[quote by=“Damien Wilkins, Director, IIML”]It’s hard to be a writer. Firstly, it’s hard to write a good book and then it’s hard to convince others that you’ve done so. It’s also deeply pleasurable and fun and joyful even to be involved in such an enterprise.
If you’re really a writer, you don’t have a choice anyway.[/quote]
[quote by=“Jeffrey Eugenides, Middlesex”]Before movements emerge, there are centres of energy…[/quote]
[quote by=“Nick Hornby, on Barbara Anderson (class of 1983)”]… and now it seems only a matter of time before Wellington replaces New York as the literary capital of the world.[/quote]
Eight Million Stories in the Naked City
In the beginning there was a little optional class for English students. It was 1975, in one of those ugly beige university tutorial rooms, and Wellington was a grey city, sombre, dominated by public servants. The students were merely sharing the creative work they were doing from the corner of their mind’s eye, so to speak. All very low key.
It wasn’t really part of their degree and they weren’t writing especially for the class, or anybody really. If your mark wasn’t very good, it just got dropped from your transcript. It was just an option. Bill Manhire, then in his 20s and recently moved to Wellington from Invercargill (and then Dunedin and then London) – “I was an aspiring poet and medievalist at the time” – got shoulder-tapped to run it, sort of by accident. Then someone – he thinks it was Jamie Belich – wondered what would happen if they all set out to write to the same exercise. So they did.
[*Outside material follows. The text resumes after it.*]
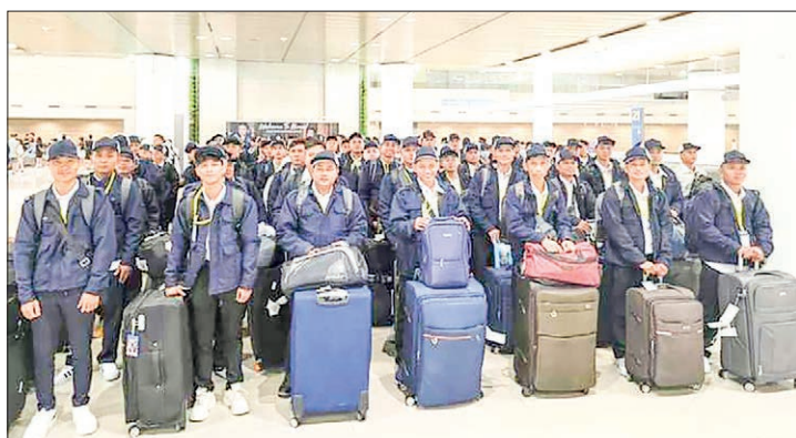
Myanmar EPS workers seen arriving at Incheon International Airport on 25 June.

the Myanmar Embassy in Seoul welcomed the workers, advised them on what they should do,

Manhire (famously retiring; now, famously, retiring) recalls, “And this astonishing work came into the room.” It was sort of an accident. Or synergy, or serendipity, a seed hitting ground that’s not just already fertile, but already tilled – that thing that’s said to constitute luck, or genius. Only you can’t say “genius” around Manhire; it’s not really a concept he’s all that fond of.
The Teacher
“I’m called a lecturer (in fact a senior lecturer) – but I don’t lecture. No one at the IIML does. There is no talking at the writers, we talk with the writers. It’s all practical. The practice of writing is what we are interested in and want to grow in the writers who study with us. That is the essential nature of the IIML – the workshop philosophy. Sitting in a circle talking – not about “writing” – but about the writing we are doing. Right now. Struggling and grappling with, skating down the smooth bits and hacking our way up the steep ones.
“If we talk and don’t write there’s no point. If we write and don’t talk about it we suspect we’ve created a work of genius. If we write and allow others to see and talk about that writing, we realise (with equal parts disappointment and excitement) that it is not genius – it is simply and thrillingly a work. In progress. With a past, a present and a future.”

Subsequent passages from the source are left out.